What the reinterpretation of the reporting regulation means is that Covid-related hospitalizations will no longer be reported to OSHA, seriously handicapping the agency’s ability to respond quickly and effectively to workplace outbreaks. This is a betrayal of the letter and the intent of the regulation. In the midst of the Covid-19 pandemic, in which workplace exposures play a central role in spreading the infection, OSHA has rejected a policy that lets it know where serious outbreaks are occurring. This new policy will impede efforts to protect workers not only from Covid-19, but also from other occupational diseases, including tuberculosis, silicosis, and lead poisoning.

In stark contrast, while OSHA is gutting federal requirements to report on their workers hospitalized with Covid-19, states are taking action to expand mandatory reporting of workplace cases by employers.
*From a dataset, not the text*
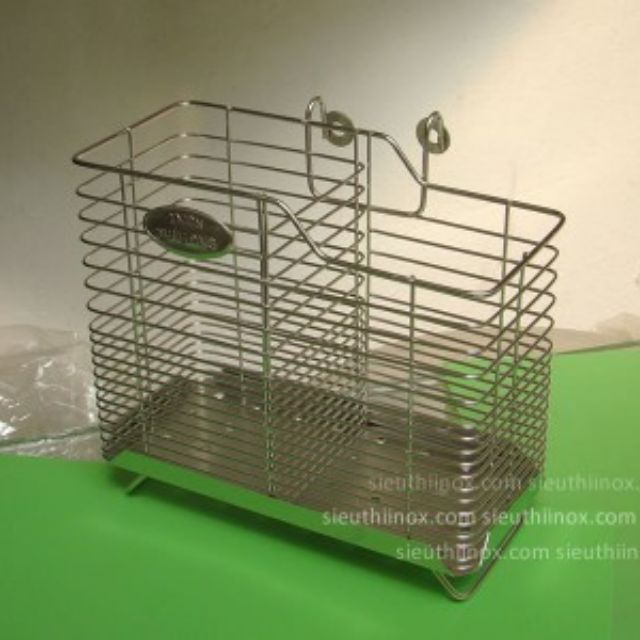 Giỏ đũa inox loại dày, inox 100% đảm bảo không rỉ.2 ngăn,thiết kế có lỗ ở dưới đáy,thoát nước tốt, có lỗ gắn vít và thiết kế kèm ngoắc,ngoắc trực tiếp vào kệKích thước

For example, Virginia, California, and New Mexico have issued emergency regulations to require employers to report Covid-19 cases, regardless of whether the infection results in hospitalization, so a rapid investigation can be made.

The Biden-Harris administration will have the opportunity to enhance and strengthen the federal government’s efforts to control workplace exposure to Covid-19. Reversing this misinterpretation of OSHA’s reporting rule should be among the early actions it takes to reduce workplace transmission, save workers’ lives, and help the nation’s workplaces reopen and operate safely.

David Michaels is a professor in the Department of Environmental and Occupational Health at the Milken Institute School of Public Health at George Washington University. He was assistant secretary of labor for OSHA from 2009 to 2017, and is the author of “The Triumph of Doubt: Dark Money and the Science of Deception” (Oxford University Press, January 2020).

  • What’s absurd is the idea that your employer is somehow supposed to protect you from ubiquitous infectious disease. OSHA was established to address workplace specific threats. Not omnipresent environmental ones. It is you who is absurd.

  • COVID infection should not be reported as a workplace injury in the sense that OSHA reporting rules intend. Workers whose jobs require high contact with the general population are more exposed to all infection, such as seasonal flu, but this elevated risk should be monitored outside the OSHA process. It obscures the purpose of OSHA to confuse this risk with workplace risks more narrowly defined. I’m surprised the article doesn’t address this issue.